**Data block**

┄┄┄┄┄┄┄┄┄┄

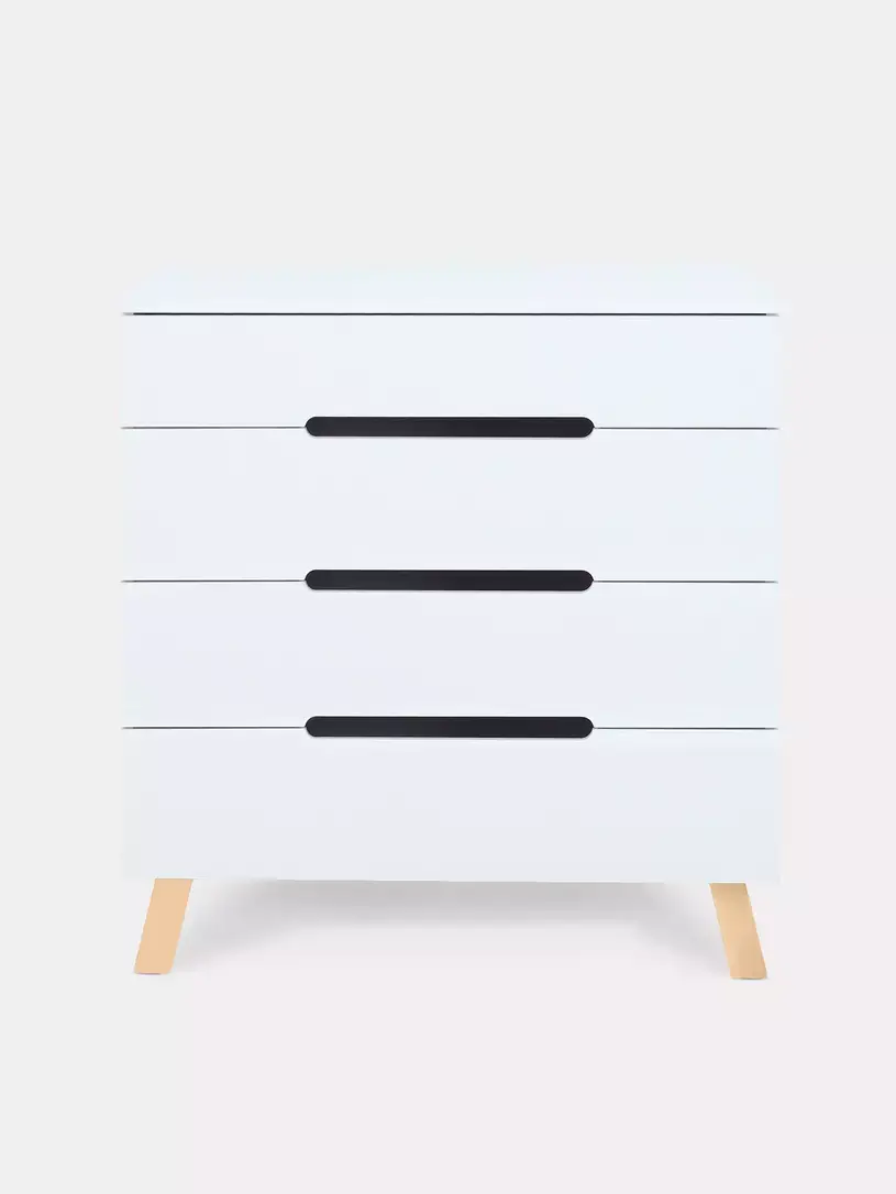 Пеленальный комодик, выполненный в лаконичном скандинавском стиле, станет настоящим украшением детской комнаты и выдержит серьезные нагрузки.
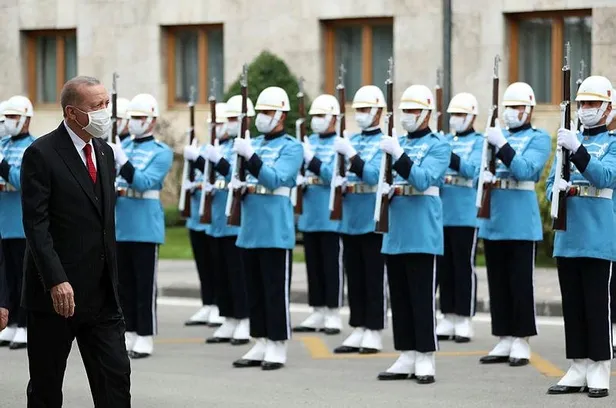 Cumhurbaşkanlığı Muhafız Alayı Onur Kıtası'nı selamlayan Erdoğan, daha sonra Genel Kurul Salonu'na geçti.
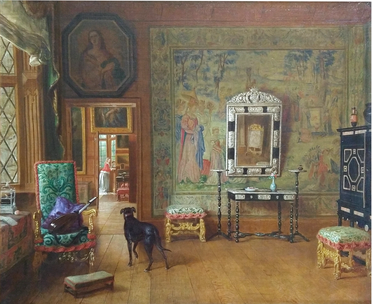 The majority of the canvas is given to a well furnished drawing room resplendent with various paintings, tapestries and furniture. To this day Knole House has one of the finest collections of 17th century English upholstered furniture in the world. Much of it was made for the royal palaces of the ruling Stuart dynasty and is of the highest quality. It is likely that the chair and footstools seen her originally came to Knole house as part of the vast collection put together by Charles, 6th Earl of Dorset.

┄┄┄┄┄┄┄┄┄┄

**Problem requirements**
Print only the lines from the opening line of the listing to the line containing "Cumhurbaşkanlığı Muhafız Alayı", inclusive, exactly as they appear and without pictures.

**Response to the exercise**
 Пеленальный комодик, выполненный в лаконичном скандинавском стиле, станет настоящим украшением детской комнаты и выдержит серьезные нагрузки.
 Cumhurbaşkanlığı Muhafız Alayı Onur Kıtası'nı selamlayan Erdoğan, daha sonra Genel Kurul Salonu'na geçti.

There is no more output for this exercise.